Investment company can reduce your taxes with a loan?

0 Comments

Can your home loan allow you to benefit from a tax credit? Yes, it is possible, but in the rental segment. It also remains to find out about the legislative systems and their validity over time.

Real estate credit and tax reduction: the prerequisite

Real estate credit and tax reduction: the prerequisite

The law in force is clear. The tax credit granted for interest on loans contracted for the acquisition or construction of the main dwelling is abolished for loan offers issued after January 1, 2011, explains the tax administration. Therefore, to benefit from a tax reduction thanks to a mortgage in 2018, you must opt ​​for the acquisition of an apartment or a house that is intended for rental.

Old and / or furnished rental investment

Old and / or furnished rental investment

The Malraux system, in force since 2013, oversees rental investment in the former. To benefit from it, the property for which a mortgage has been taken out must be located in a protected sector or in a historic district. In addition, it is its renovation which gives entitlement to a tax reduction, between 22% and 30% of the amount of work carried out.

This tax reduction can be supplemented by the Censi-Bouvard law.
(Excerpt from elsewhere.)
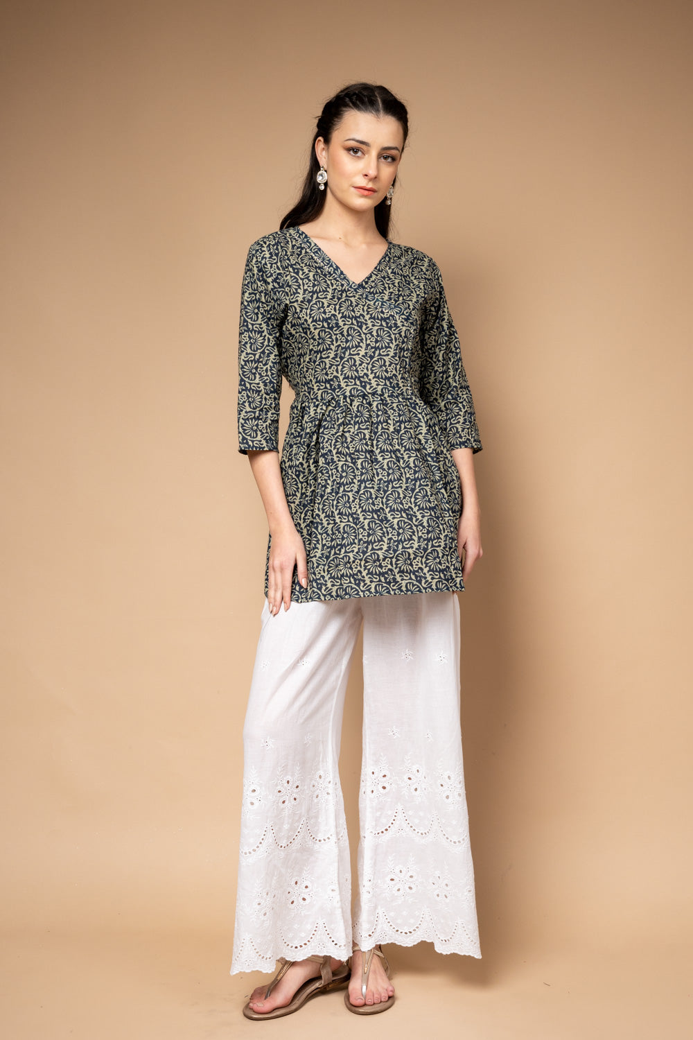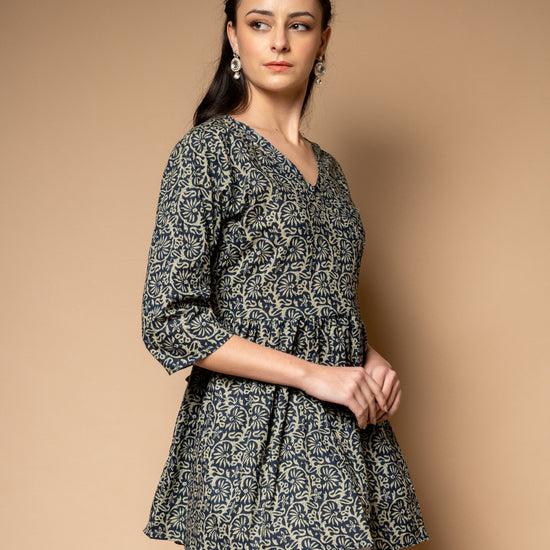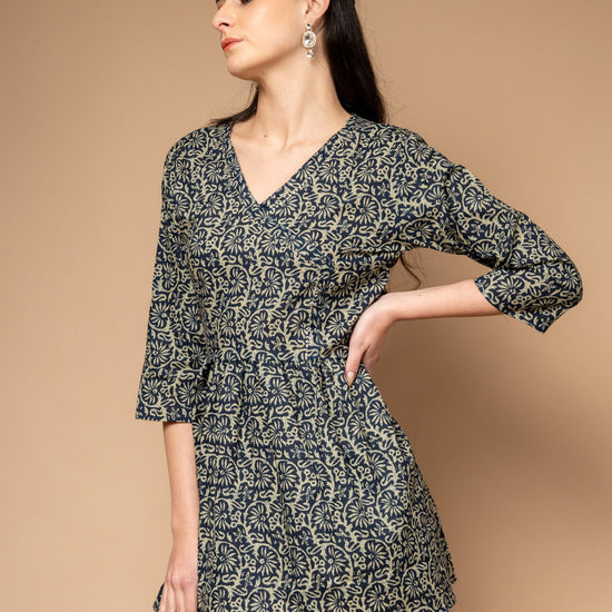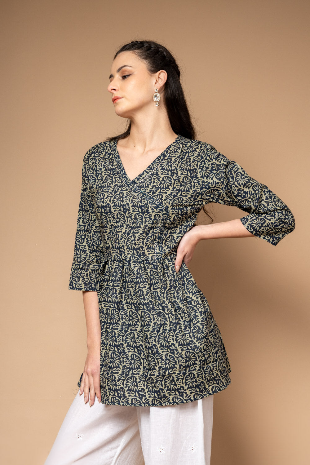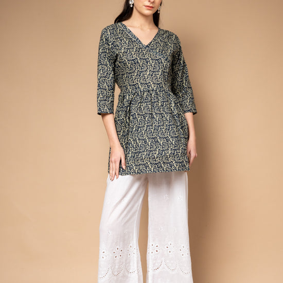 Panna Navy Blue Digital Printed Cotton Readymade Kurta

This, applicable until December 31, 2018, makes it possible to deduct from its tax 11% of the amount of the acquisition of a property, provided that the latter is offered in furnished rental to a student, a senior, or at a public health facility.

Pinel law: tax reduction if new rental purchase

Pinel law: tax reduction if new rental purchase

Promulgated in 2014, the Pinel law is applicable until January 1, 2022. It grants a tax rebate of up to 21%. For this, it is necessary to acquire a new housing or in future state of completion intended for the hiring in an area where the supply of available housing remains lower than the demand.
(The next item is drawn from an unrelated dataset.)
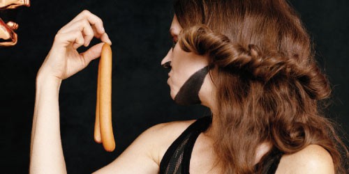 Dann dringt man in schmale Tunnel ein, wo die Diaprojektionen „Viola“ und „Viola Vampire (Ghosts)“ eingebaut sind. Hier projizieren Kerstin Brätsch und Angela Röder Portraitfotos, wobei ihre Gesichter selbst zur Leinwand werden, die mit der Farbe des Hintergrunds bemalt sind und so verfremdete Körperformen zeigen. Der C-Print einer inszenierten Fotografie mit dem beziehungsreichen Titel „BUYBRÄTSCHWÖRST“, auf dem die Künstlerin mit dem angepriesenen Produkt nebst Edelstahl-Totenschädel zu sehen ist, entpuppt sich als irreführendes Ausstellungsplakat. Draußen haben Passanten gerade die Auslage entdeckt.

On the other hand, the investor agrees to rent this property for 6, 9 or even 12 years. The Pinel law makes it possible to deduct from its taxable rental income the interest and guarantee costs of the mortgage, but also the property tax and the costs linked to rental management, among others. An opportunity which, like the Malraux and Censi-Bouvard schemes, encourages investment, the best way being to use a mortgage loan comparator like that of Cream Bank.